At 90 kilometers (56 mi) long by 24 kilometers (15 mi) wide, it is the largest and westernmost of the Commander Islands, with an area of 1,660 square kilometers (640 sq mi). Most of Bering island and several of the smaller islands in their entirety are now part of the Komandorsky Zapovednik nature preserve.
Known as the "hidden Jewel of the U.S.-Russia Maritime Boundary," Bering Island is treeless, desolate and experiences severe weather, including high winds, persistent fog and earthquakes. It had no year-round human residents until roughly 1826. Now, the village of Nikolskoye is home to 800 people, roughly three hundred of them identifying as Aleuts. The island's scant population is involved mostly in fishing.

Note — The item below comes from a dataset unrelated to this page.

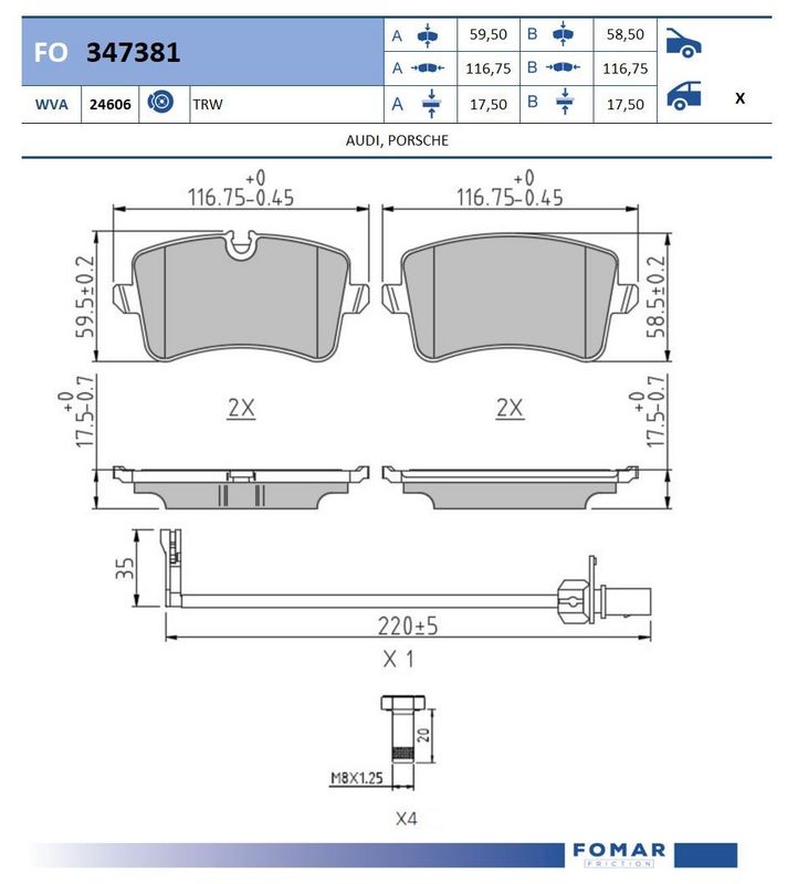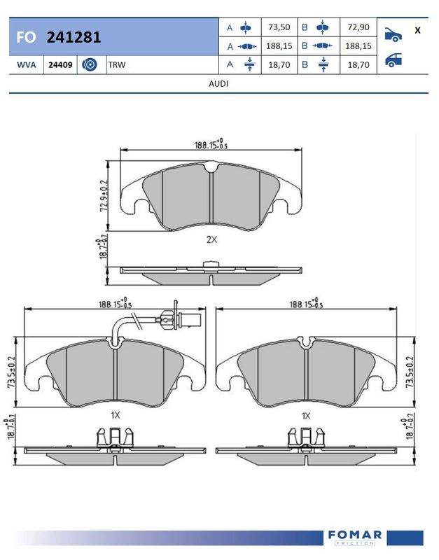 Количество индикаторов износа [на мост] : 1
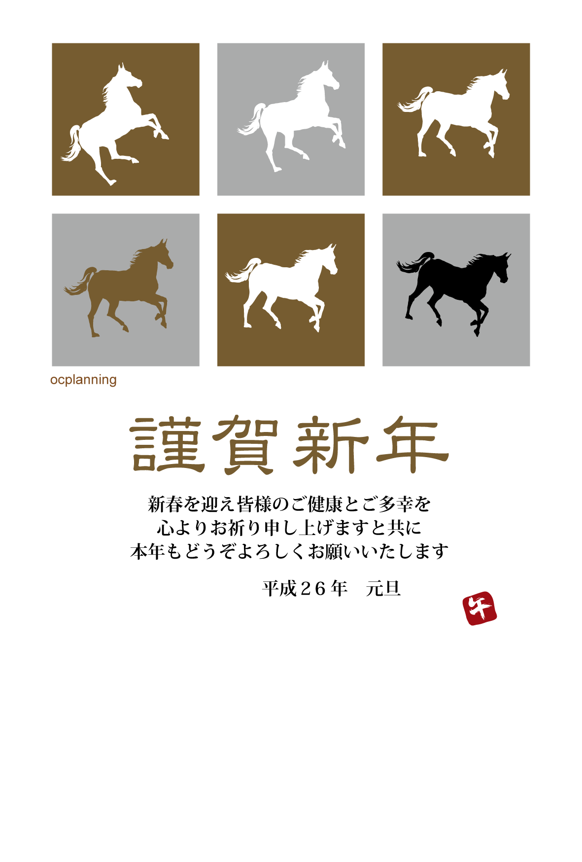 馬のイラスト年賀状テンプレート

4 km off Bering Island's northwest shore lies small Toporkov Island (Ostrov Toporkov) 55°12′9″N 165°55′59″E / 55.20250°N 165.93306°E / 55.20250; 165.93306 (Toporkov Island). It is a round island with a diameter of 800 m.
In 1741 Commander Vitus Bering, sailing in Svyatoy Pyotr (St. Peter) for the Russian Navy, was shipwrecked and died of scurvy on Bering Island, along with 28 of his men. His ship had been destroyed by storms as they returned from an expedition that discovered mainland Alaska as well as the Aleutian Islands. The survivors under the command of the Swedish born lieutenant Sven Waxell were stranded on the island for 10 months, and managed to survive by killing seals and birds. They were able to build a boat out of their stranded wreck and managed to return to Petropavlovsk on the Kamchatka Peninsula in 1742 with sea otter furs and preserved meat from the newly discovered island.
Another of the expedition's survivors was Georg Wilhelm Steller, who eventually managed to convince his companions to eat seaweed (thus curing their scurvy). Steller explored Bering island and cataloged its fauna, including Steller's sea cow, which became extinct within three decades due to being hunted for its meat. The island's highest point (2,464 feet (751 m)) is now named to honor the German-born naturalist. Upon returning to the Russian mainland, Steller then explored the Kamchatka peninsula and ultimately published De Bestiis Marinis (‘On the Beasts of the Sea’). However, his sympathies for the native peoples led to accusations that he was fomenting rebellion, so he was imprisoned and recalled to St. Petersburg, dying en route at age 37, although his diaries were later published to great acclaim and historic significance.
In 1743 Emilian Basov landed on Bering island to hunt sea otter, beginning the island's documented human habitation as well as ecological destruction. Promyshlenniki began to island-hop across the Bering Sea to the Aleutian islands and ultimately Alaska. In 1825 the Russian-American Company transferred Aleut families from Attu Island to Bering island to hunt, and another group of Aleut and mixed-race settlers followed the following year, thus establishing the first known permanent human habitation on Bering island. After Russia sold Alaska and the Aleutian islands to the United States in 1867, Bering island was placed under the Petropavlovsk-Kamchatsky jurisdiction. The population grew from 110 people in 1827 (17 Russians, 45 Aleuts and 48 mixed race) to more than 300 people in 1879 (100 Aleuts on Copper island alone, along with 332 mixed-race and about 10% Russian or other nationalities). In 1990, after 170 years of separation and loss of cultural traditions, a planeload of Aleuts from Nikolskoye met another planeload of Alaskan Aleuts in Kamchatka's capital, and were surprised they could still communicate in the old Aleut language. Because of their isolation, like the now-Alaskan Pribilof Islands, the Aleuts have been used for studies of genetic drift.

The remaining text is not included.